**INFORMATION SUPPLIED**.
━━━━━━━━━━━━━━━━
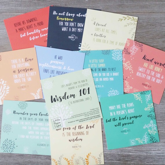 WISDOM 101 Bible Verse Cards Pack Bamboo Stand, Scripture Cards
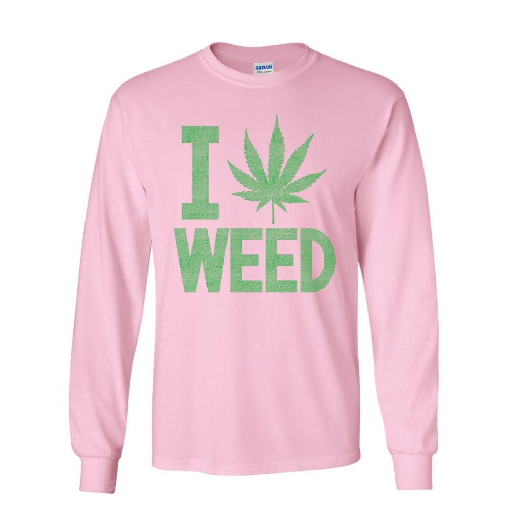 I LOVE WEED long sleeve t-shirt smoking 420 pot reggae rasta marijuana kush tee light pink
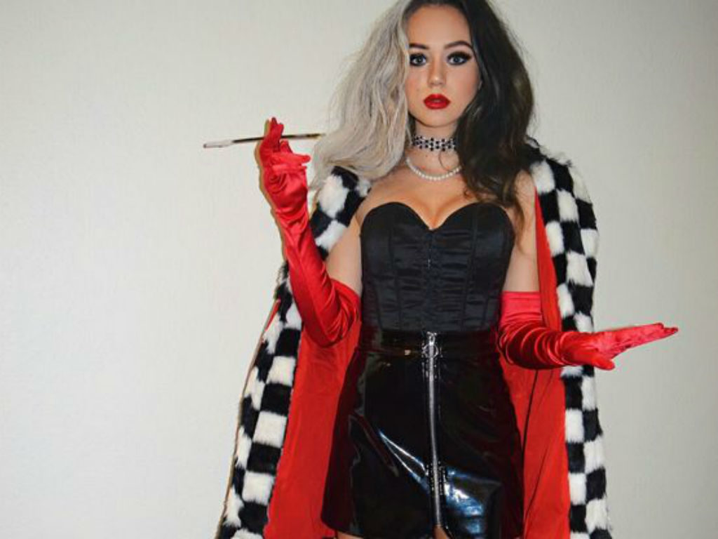 Alright, to be Cruella de Vil, you’ll need a black dress, black and white hair, and a crazy fur to go on top. You can absolutely opt for a faux fur, don’t worry. No need to cut your hair or find a wig because if you have everything else for this costume, you can get away with your hair the way it already is. But the black and white hair would be really fun.
━━━━━━━━━━━━━━━━
**WORK REQUIRED**. Everything in the listing above except the pictures should be duplicated exactly.

**RESULT**.
 WISDOM 101 Bible Verse Cards Pack Bamboo Stand, Scripture Cards
 I LOVE WEED long sleeve t-shirt smoking 420 pot reggae rasta marijuana kush tee light pink
 Alright, to be Cruella de Vil, you’ll need a black dress, black and white hair, and a crazy fur to go on top. You can absolutely opt for a faux fur, don’t worry. No need to cut your hair or find a wig because if you have everything else for this costume, you can get away with your hair the way it already is. But the black and white hair would be really fun.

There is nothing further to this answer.